***** INFORMATION SUPPLIED *****

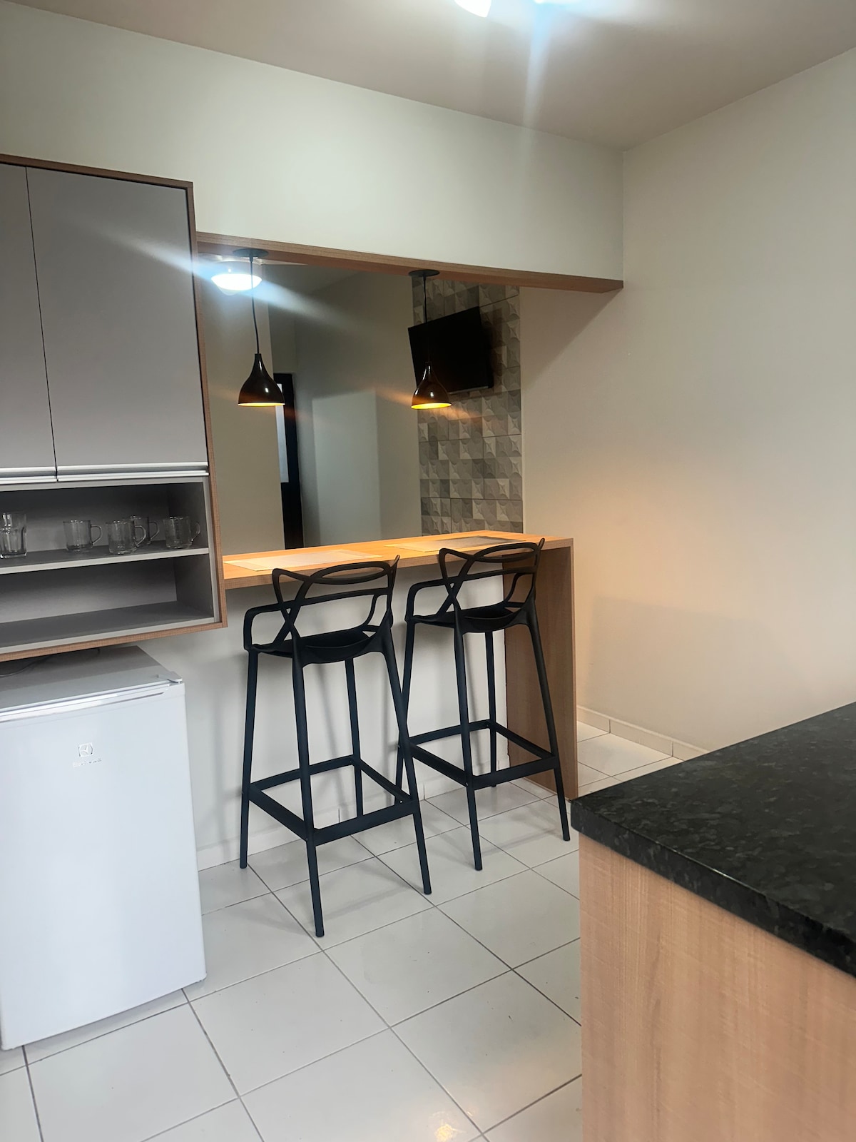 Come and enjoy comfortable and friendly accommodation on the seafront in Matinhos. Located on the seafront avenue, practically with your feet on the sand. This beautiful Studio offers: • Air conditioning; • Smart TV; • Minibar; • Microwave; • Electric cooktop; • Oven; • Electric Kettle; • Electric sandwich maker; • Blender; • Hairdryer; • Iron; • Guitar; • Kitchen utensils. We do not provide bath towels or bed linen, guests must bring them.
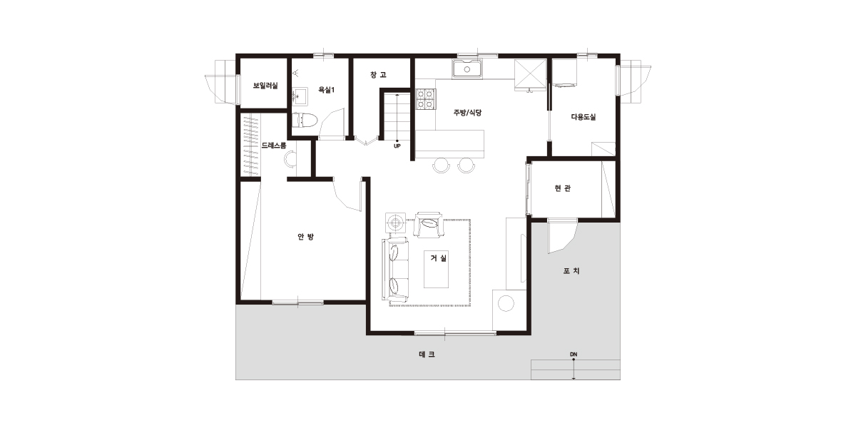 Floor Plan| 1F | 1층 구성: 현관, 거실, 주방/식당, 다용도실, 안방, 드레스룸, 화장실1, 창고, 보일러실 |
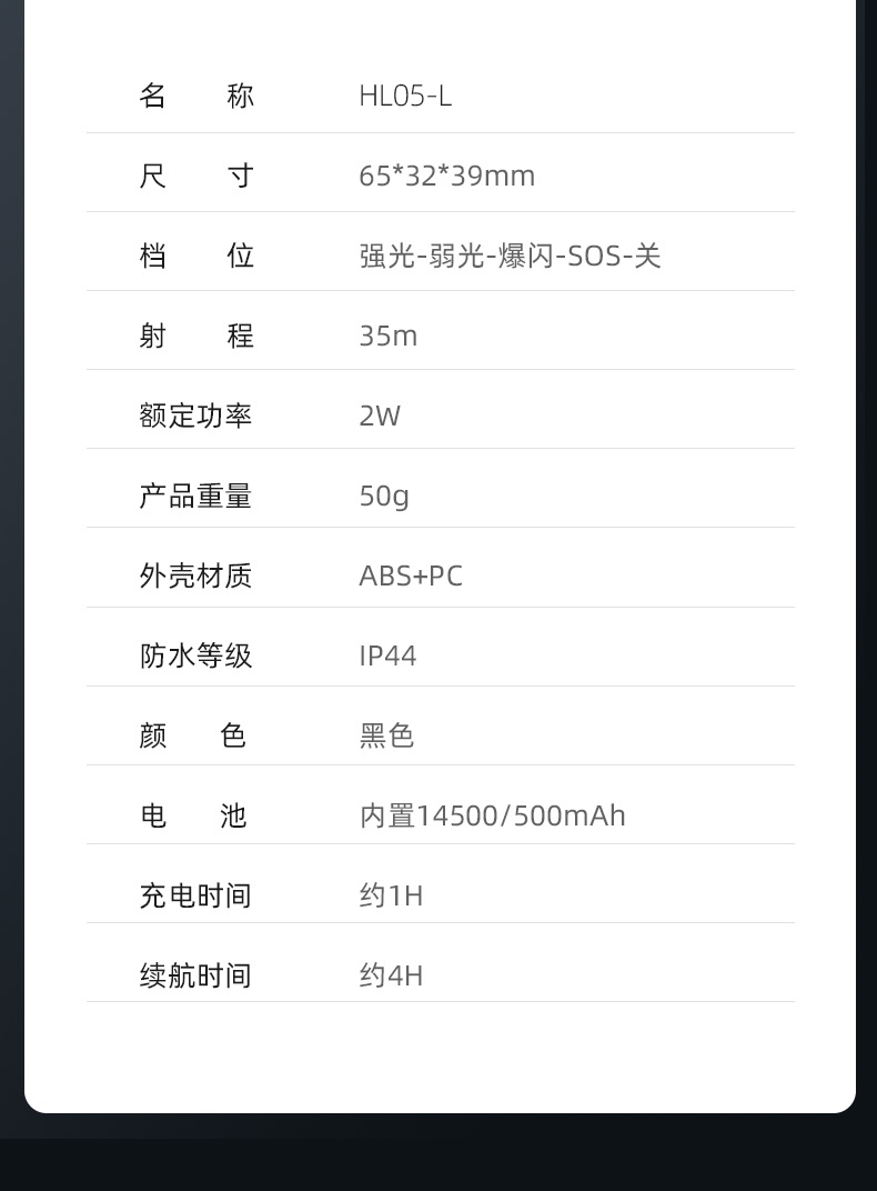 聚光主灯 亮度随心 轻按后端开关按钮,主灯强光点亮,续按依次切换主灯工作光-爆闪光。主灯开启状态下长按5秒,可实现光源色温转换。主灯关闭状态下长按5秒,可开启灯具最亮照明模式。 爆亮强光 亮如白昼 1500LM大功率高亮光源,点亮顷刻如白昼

*****

_INSTRUCTIONS FOR THE TASK_:
Your reply should contain only an exact copy of the lines from the beginning of the material through the line with "Floor Plan| 1F", both ends included, with the pictures removed.

_OUTPUT BELOW_:
 Come and enjoy comfortable and friendly accommodation on the seafront in Matinhos. Located on the seafront avenue, practically with your feet on the sand. This beautiful Studio offers: • Air conditioning; • Smart TV; • Minibar; • Microwave; • Electric cooktop; • Oven; • Electric Kettle; • Electric sandwich maker; • Blender; • Hairdryer; • Iron; • Guitar; • Kitchen utensils. We do not provide bath towels or bed linen, guests must bring them.
 Floor Plan| 1F | 1층 구성: 현관, 거실, 주방/식당, 다용도실, 안방, 드레스룸, 화장실1, 창고, 보일러실 |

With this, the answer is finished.